***** Data for processing

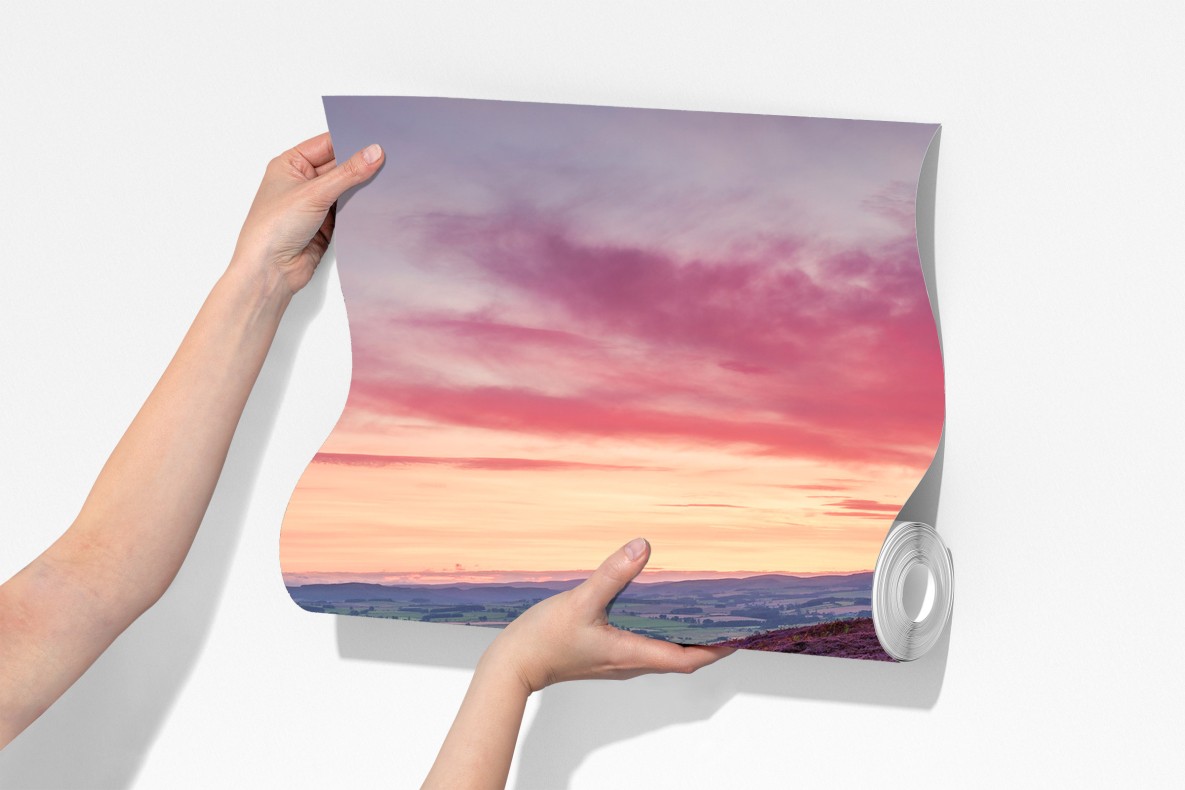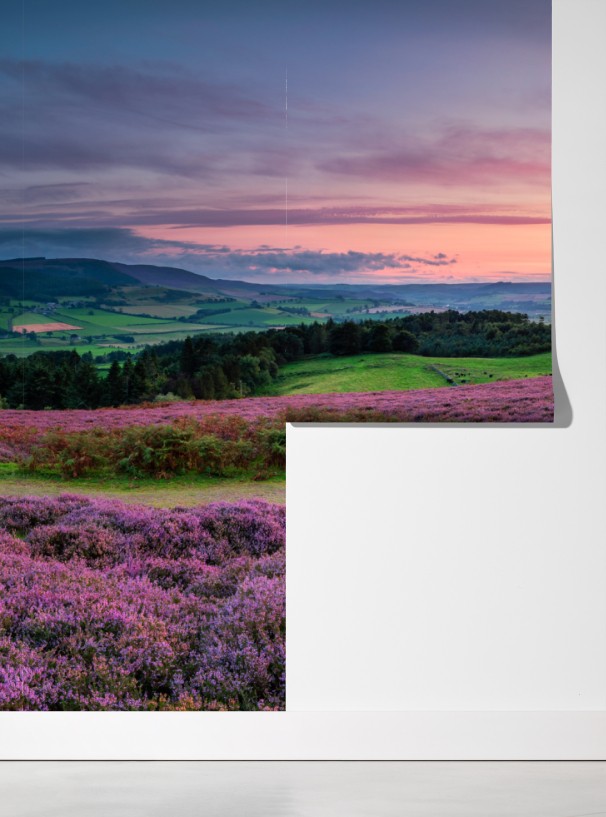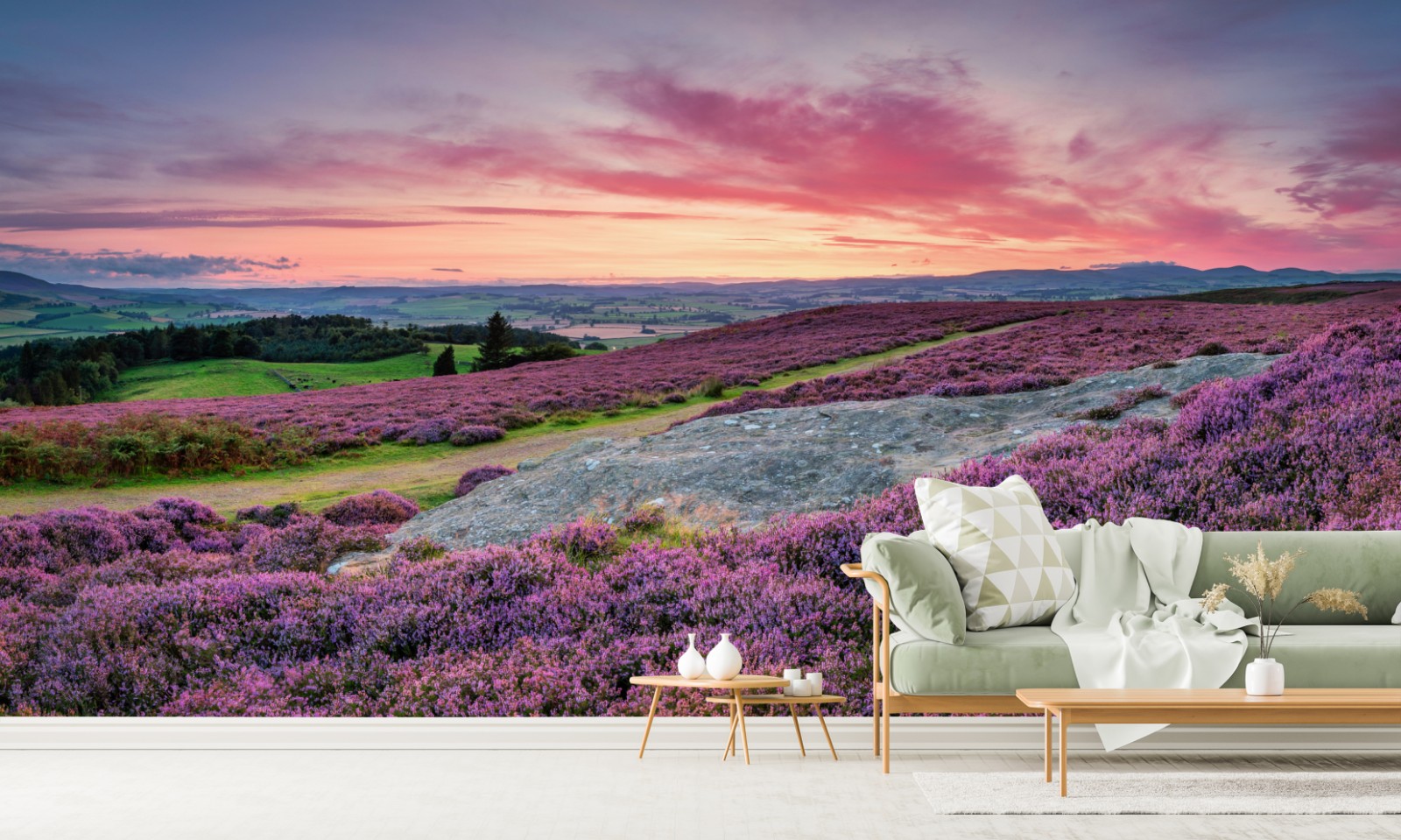 Fototapete violette heideflächen bei sonnenuntergang – Wallnifity®
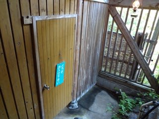 混浴の露天風呂へはここからスリッパに履き替えて、川岸へ下りてゆきます。館内には殺虫剤があちこちに置かれていますが、これも当地が自然豊かな環境である証拠ですね。
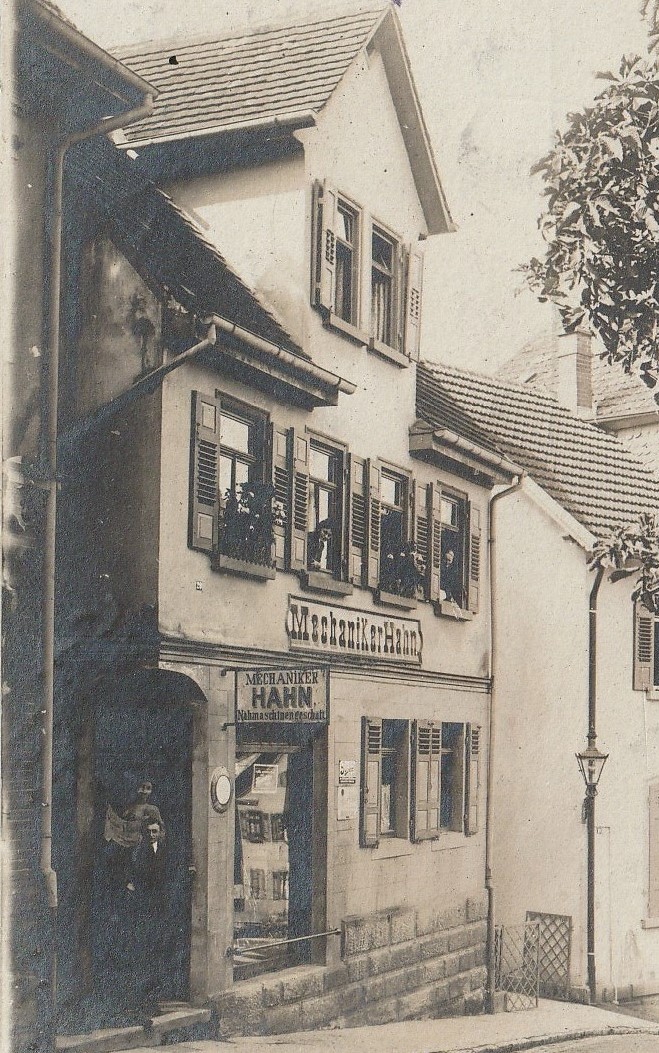 B 6 Mechanikergeschäft Hahn/Backnang, Postkarte von 1909/10 © Stadtarchiv Backnang (Jahrbuch Backnang 2020, H.-J. Gerste), Hinweis D. Waack/ P. Wolf Backnang
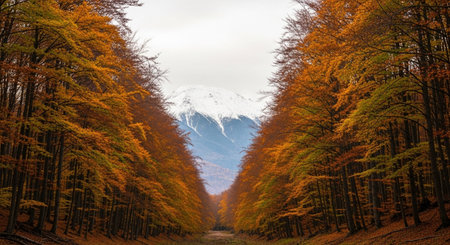 Mountain showing autumn forest avenue lined with vibrant orange and yellow trees leading to a snow-capped mountain...
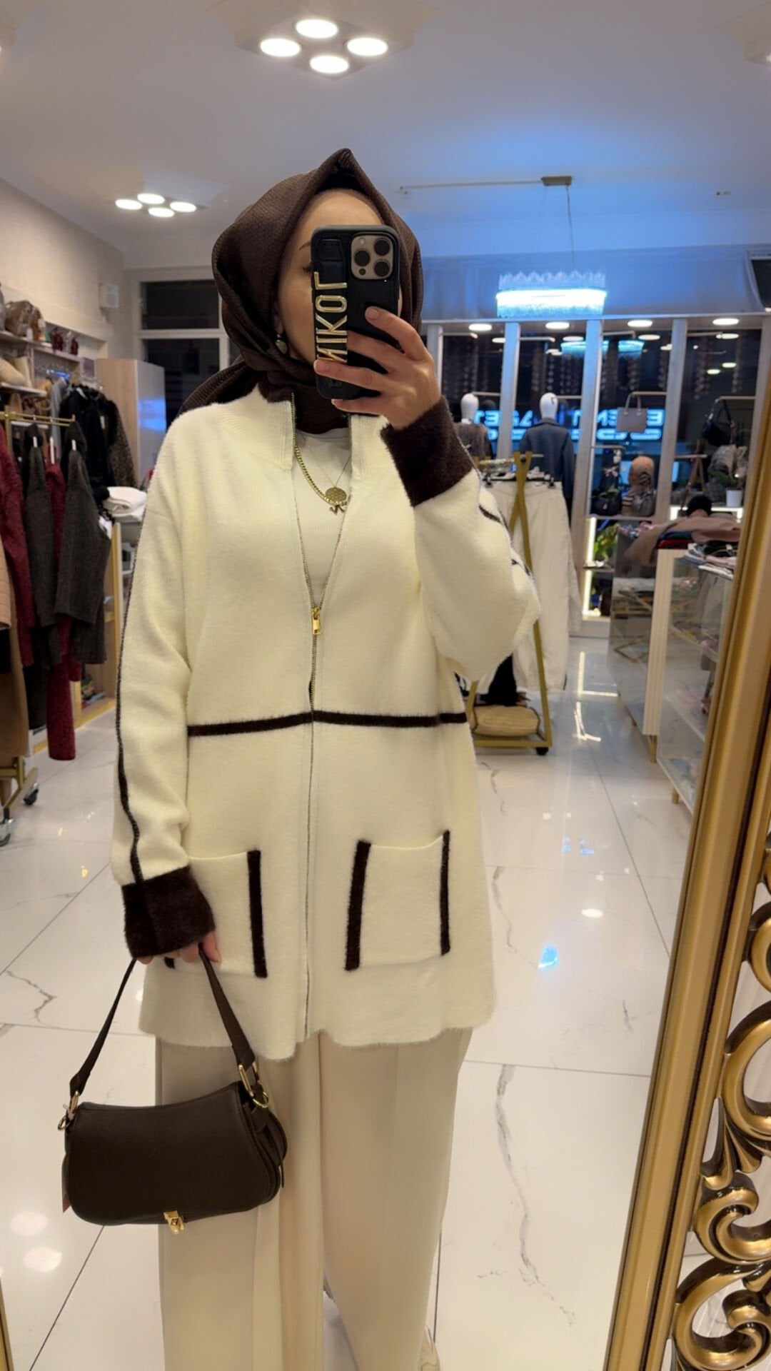 Renk: Kırık beyaz – Kahve detaylı
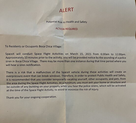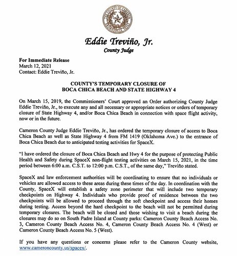 Aggiornamento NOTAM in vigore e chiusure strada programmate presso il complesso SpaceX di Boca Chica (TX)
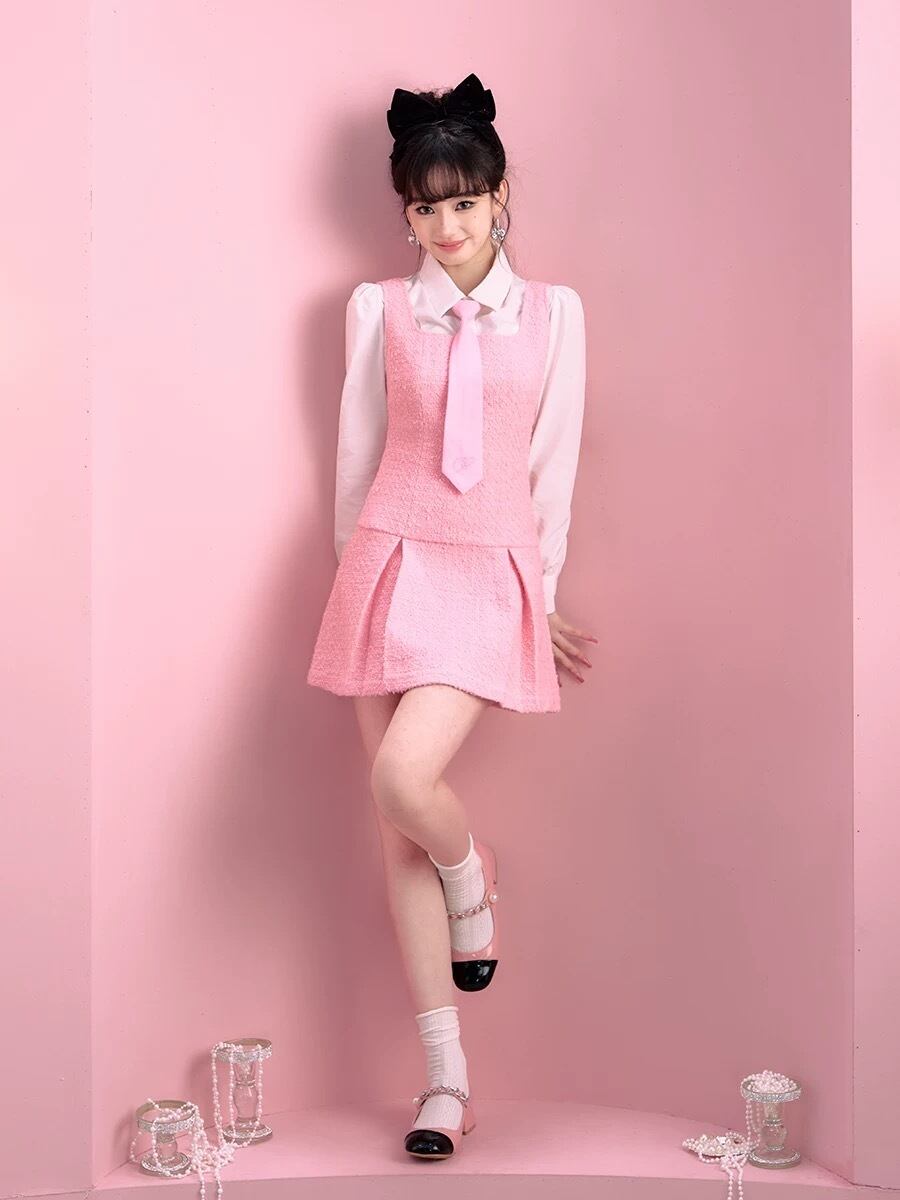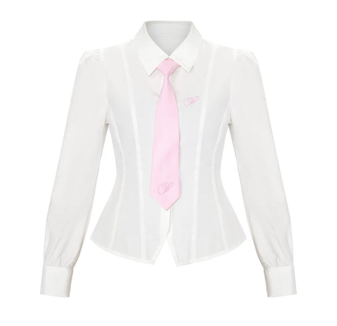【ブラウス】白 ホワイト トップス ネクタイ ピンク ガーリー 可愛い シャツ
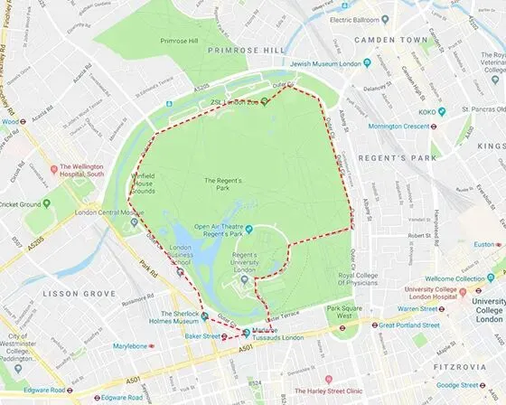 路线总结:杜莎夫人蜡像馆 – 福尔摩斯博物馆 – 摄政公园 – 伦敦动物园
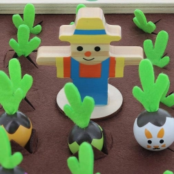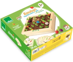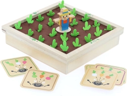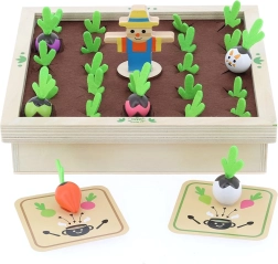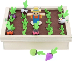 Ontdek de magie van de moestuin aan de familietafel. Dit prachtige houten spel met viltelementen brengt kleurrijke groentefiguurtjes en receptkaartjes, waarmee kinderen vormen, kleuren en logische verbanden leren herkennen. Speel klassiek memory of kook samen soep volgens de recepten – altijd met een vleugje spanning of het ondeugende konijn verschijnt.

**********

_Work task_. Please leave out the pictures while you copy exactly the lines from the one containing "路线总结:杜莎夫人蜡像馆 – 福尔摩斯博物馆 – 摄政公园 – 伦敦动物园" through the end of the records.

_Your solution_.
 路线总结:杜莎夫人蜡像馆 – 福尔摩斯博物馆 – 摄政公园 – 伦敦动物园
 Ontdek de magie van de moestuin aan de familietafel. Dit prachtige houten spel met viltelementen brengt kleurrijke groentefiguurtjes en receptkaartjes, waarmee kinderen vormen, kleuren en logische verbanden leren herkennen. Speel klassiek memory of kook samen soep volgens de recepten – altijd met een vleugje spanning of het ondeugende konijn verschijnt.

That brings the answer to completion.